[RECORDED INFORMATION]
=======

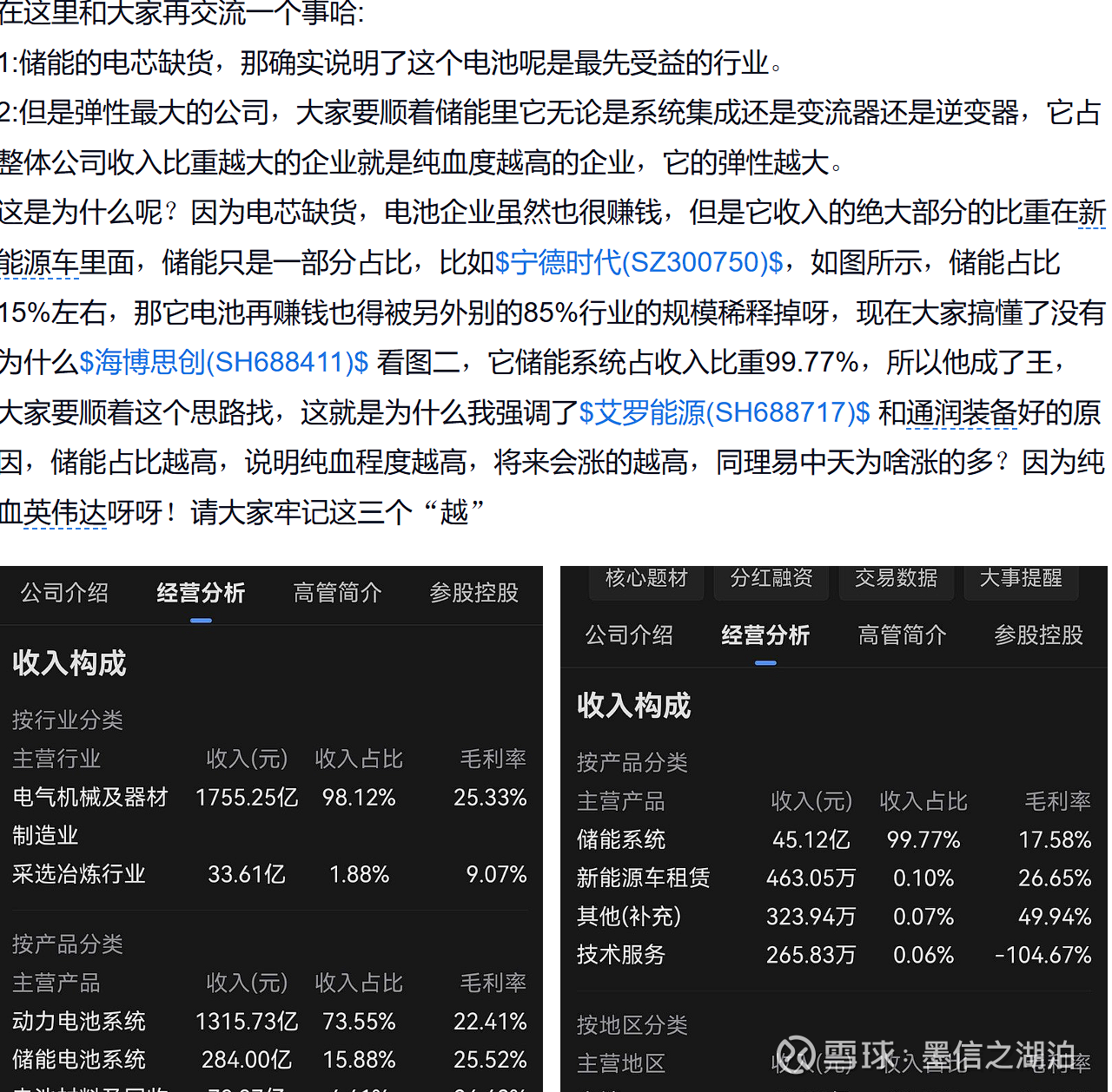 这两天发现了个新的必要选项,大家发现没有$艾罗能源(SH688717)$ $通润装备(SZ002150)$$派能科技(SH688063)$ 继海博思创之后,这三家走势比其他的储能公司暂时要强很多,他们除了纯血程度高还有个共同的属性,请看:
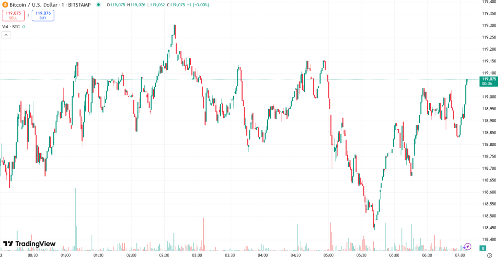 At the time of writing on Thursday morning, BTC trades at $118,947. Its intraday high was $122,052. It plunged from this level to the day’s low of $118,364, before slightly recovering to the current level.
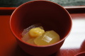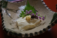 『堯心亭』にて。 ●刺身 生引上湯波 ●平椀 揚巻湯波 平印元

=======

[EXERCISE DETAILS]
The whole of the data above needs retyping exactly, with pictures omitted.

[ANSWER SPACE]
 这两天发现了个新的必要选项,大家发现没有$艾罗能源(SH688717)$ $通润装备(SZ002150)$$派能科技(SH688063)$ 继海博思创之后,这三家走势比其他的储能公司暂时要强很多,他们除了纯血程度高还有个共同的属性,请看:
 At the time of writing on Thursday morning, BTC trades at $118,947. Its intraday high was $122,052. It plunged from this level to the day’s low of $118,364, before slightly recovering to the current level.
 『堯心亭』にて。 ●刺身 生引上湯波 ●平椀 揚巻湯波 平印元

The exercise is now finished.